I'd like to store genomic annotations (think bed or bam files, lots of bam files in fact) in some sort of database, preferably something that is distributed and facilitates parallel processing (something like MapReduce). CouchDB, MongoDB, Cassandra seem to fit the bill more or less.
Such a scheme only makes sense if it's possible to run queries like "give me all annotations overlapping this region", or something like 'samtools view'. Which database supports this kind of interval index or where would it be possible to retrofit one?
To clarify: I'm aware of the UCSC binning scheme, which looks like an ugly hack to me. The BAM format adds another hack to that, apparently because the binning scheme underperforms for bigger data sets. What I'm actually looking for is something like the priority search queue described here: http://www.soi.city.ac.uk/~ross/papers/FingerTree.html (It works for every search tree, not just finger trees.)
Well, IMO the UCSC binning is a very clever hack for a database engine that does not support the R-tree index. You do not have a much better way to do that with MySQL. Also, correct me if I am wrong: finger tree seems an alternative to AVL and red-black tree. If this is the case, it is not efficient for interval queries. K-d tree and R-tree are the appropriate data structures for interval queries. UCSC binning is essentially an R-tree.
About MongoDB. I heard that MongoDB is lightening fast when the data fits memory, but otherwise it becomes quite slow. A Google result: http://www.colinhowe.co.uk/2011/02/23/mongodb-performance-for-data-bigger-than-memor/
The point isn't really about Finger Trees, any balancing scheme works. The point is about the annotation, which might actually be equivalent to the (1-dimensional) R-tree.
I'll add my +1 to MongoDB.
No, it is wrong that "any balancing scheme works". Interval query is a special type of query which makes many tree structures inefficient. You cannot use a B-tree, AVL or red-black tree to achieve the efficiency of the binning index. This is exactly why UCSC came up with this binning index when B-tree is widely used in all RDBMS. If your point is not about finger tree, then remove it to avoid confusion.
Hinze's finger tree is equivalent to an annotated (2,3)-B-tree, which is again equivalent to ab annotated red-black-tree. I'm asking if any database can annotate its B-tree index.

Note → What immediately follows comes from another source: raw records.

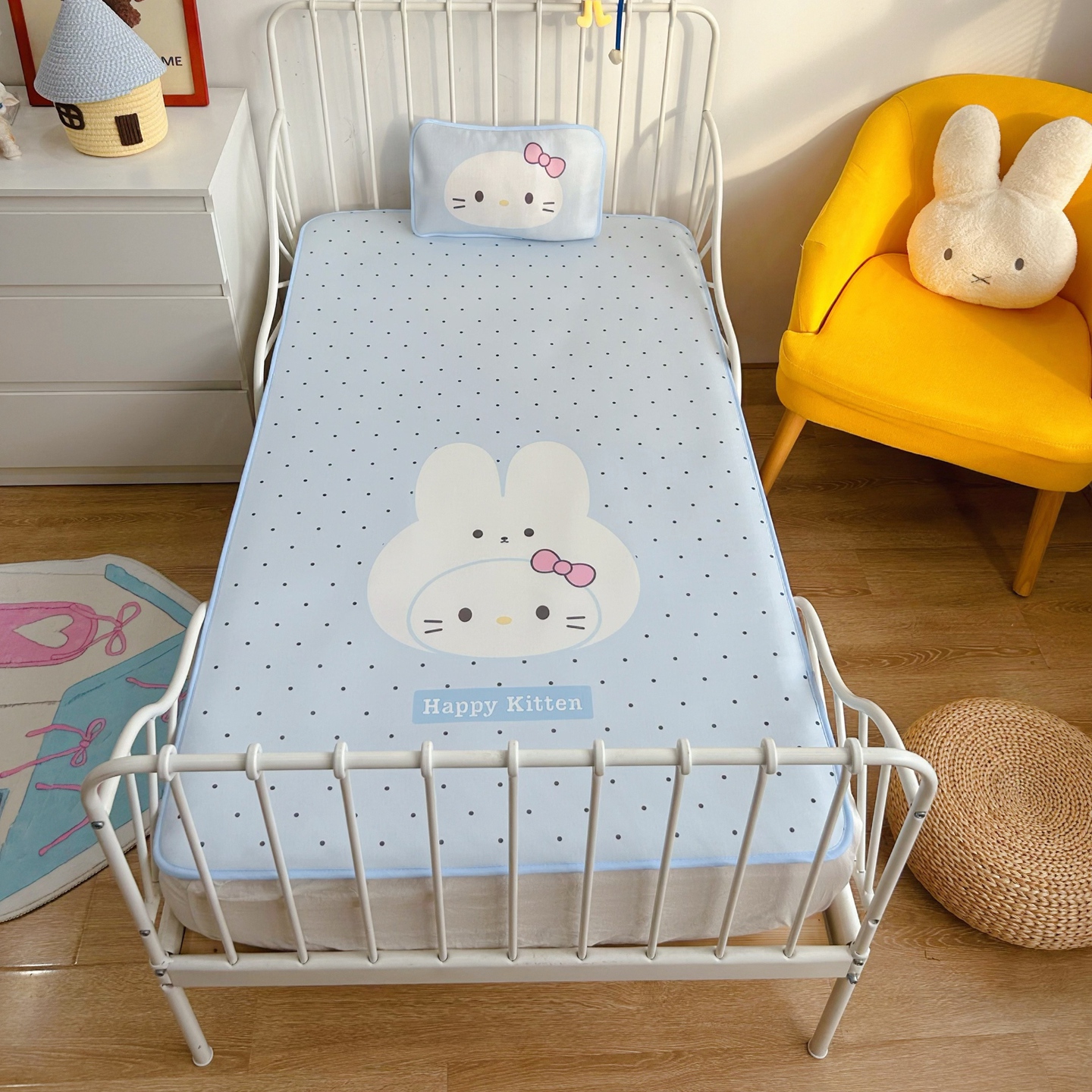 (总)美乐迪家纺 2026新款儿童水光冰丝凉席席子凉席,比熊,冰淇淋小兔,大脸猫,大象,举苹果,梦幻小马,头套小猫,兔头小猫,星星男孩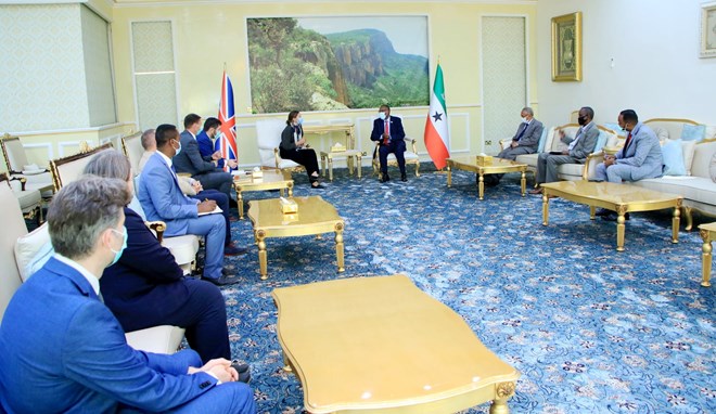 Isniin, May, 3, 2021 (HOL) - Madaxweynaha Somaliland Muuse Biixi Cabdi, ayaa xafiiskiisa ku qaabilay safiirka Ingriiska ee Soomaaliya amb. Kate Foster oo uu weliyo madaxa xafiiska Ingriiska ee Somaliland Stuart Brown.
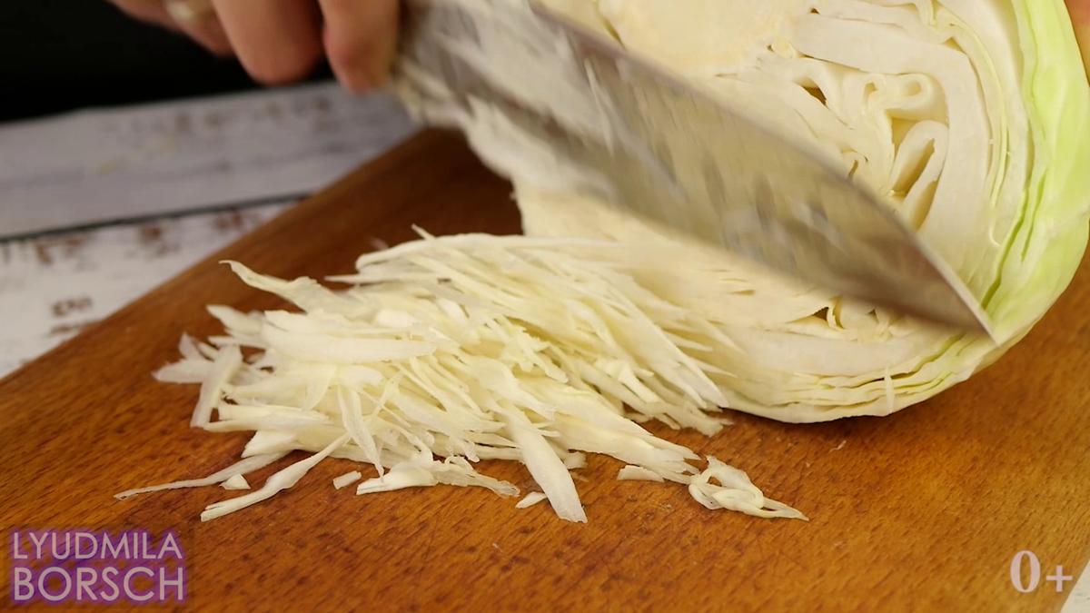 Для первого салата, как и для остальных, начнем с того, что нашинкуем капусту
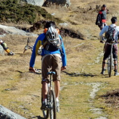 La ruelle qui sort du village débouche immédiatement sur un bon sentier bardé d’épingles techniques et qui nous ramène jusqu’à la rivière, un pont Népalais, puis à nouveau la piste du Mustang avec son trafic de bus indiens surchargés, de 4×4 taxis, de motos, et de troupeaux. Le monta cala est toujours présent, mais dans le sens de la descente cette fois, ce qui nous permet de belles pointes de vitesse, et des dépassements osés.

You see not understand the problem. You keep mentioning annotation, but what you really want to solve is an interval query problem. B-tree, together with finger, red-black and AVL trees, is a wrong data structure for interval queries. No matter how much you can annotate these kind of trees, you cannot achieve efficient interval query. UCSC binning is the only method I know that works efficiently on B-tree.
What the (marvelous) Hinze-Paterson paper says (section 4.8) is that you can implement (1-dim) interval trees via finger trees, just by choosing the right monoid; you get O(log(n)) for finding some overlapping interval, and getting all m of them in O(m log(m/n)). Not an expert in this area, but AFAIK this is as efficient as you can get.
In general, finger trees are best thought of as a "machine" producing data structures, given a monoid, not as a single data structure. See this blog post for example Apfelmus - monoids and finger trees
It seems that I was wrong about finger tree. Probably I was just making a fuss over the sentence "[the UCSC binning scheme] looks like an ugly hack". Without the last paragraph, which is certainly inaccurate, this is actually a pretty good question.
Well, actually comparing interval trees as implemented with finger trees (let's call this finger interval trees) and traditional interval trees it's kind of an apples to oranges comparison: finger interval trees (as any finger tree data structure) are persistent data structures. From a performance standpoint, query times for finger interval trees are amortized, require a language with support for lazy evaluation, and are a bit worse than that of traditional interval trees; you get however the benefits of a persistent data structure.
Thanks for the info. Now I understand why few implemented fingertree - because without lazy evaluation, implementing a fingertree is challenging. I wish someone could compared the performance of fingertree to other traditional data structures (better theoretical complexity may not always guarantee practical efficiency), but I could not find it.